Task instructions:
Among the lines of the listing below, retype exactly those from the one containing "이어 한화오션(042660)이 검색비율" through the one containing "大幅的福字、火红的春联、《步", both included. Do not include pictures.

Data for the task:
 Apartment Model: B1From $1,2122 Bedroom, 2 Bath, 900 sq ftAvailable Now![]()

...

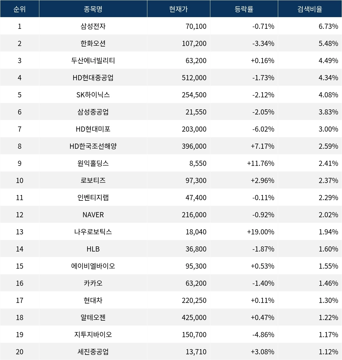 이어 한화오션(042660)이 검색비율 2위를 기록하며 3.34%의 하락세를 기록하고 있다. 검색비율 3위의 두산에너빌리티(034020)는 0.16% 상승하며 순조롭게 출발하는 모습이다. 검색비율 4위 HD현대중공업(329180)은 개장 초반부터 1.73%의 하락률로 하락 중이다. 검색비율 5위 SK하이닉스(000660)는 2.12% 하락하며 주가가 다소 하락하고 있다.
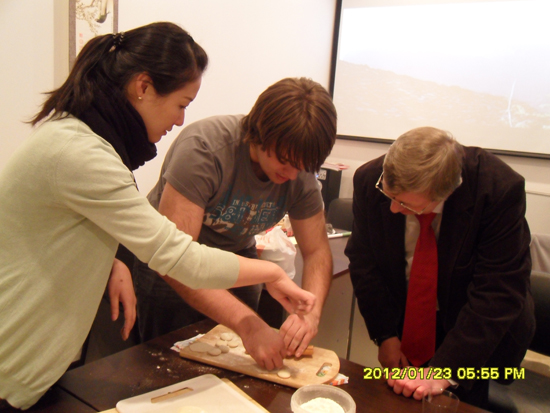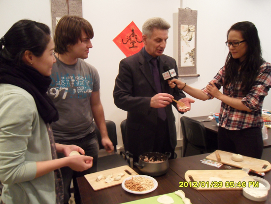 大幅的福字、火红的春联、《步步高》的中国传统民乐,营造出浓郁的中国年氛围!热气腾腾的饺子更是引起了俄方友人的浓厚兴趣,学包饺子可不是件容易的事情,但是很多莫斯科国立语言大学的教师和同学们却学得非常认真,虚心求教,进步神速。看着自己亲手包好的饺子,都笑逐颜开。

Response for this exercise:
 이어 한화오션(042660)이 검색비율 2위를 기록하며 3.34%의 하락세를 기록하고 있다. 검색비율 3위의 두산에너빌리티(034020)는 0.16% 상승하며 순조롭게 출발하는 모습이다. 검색비율 4위 HD현대중공업(329180)은 개장 초반부터 1.73%의 하락률로 하락 중이다. 검색비율 5위 SK하이닉스(000660)는 2.12% 하락하며 주가가 다소 하락하고 있다.
 大幅的福字、火红的春联、《步步高》的中国传统民乐,营造出浓郁的中国年氛围!热气腾腾的饺子更是引起了俄方友人的浓厚兴趣,学包饺子可不是件容易的事情,但是很多莫斯科国立语言大学的教师和同学们却学得非常认真,虚心求教,进步神速。看着自己亲手包好的饺子,都笑逐颜开。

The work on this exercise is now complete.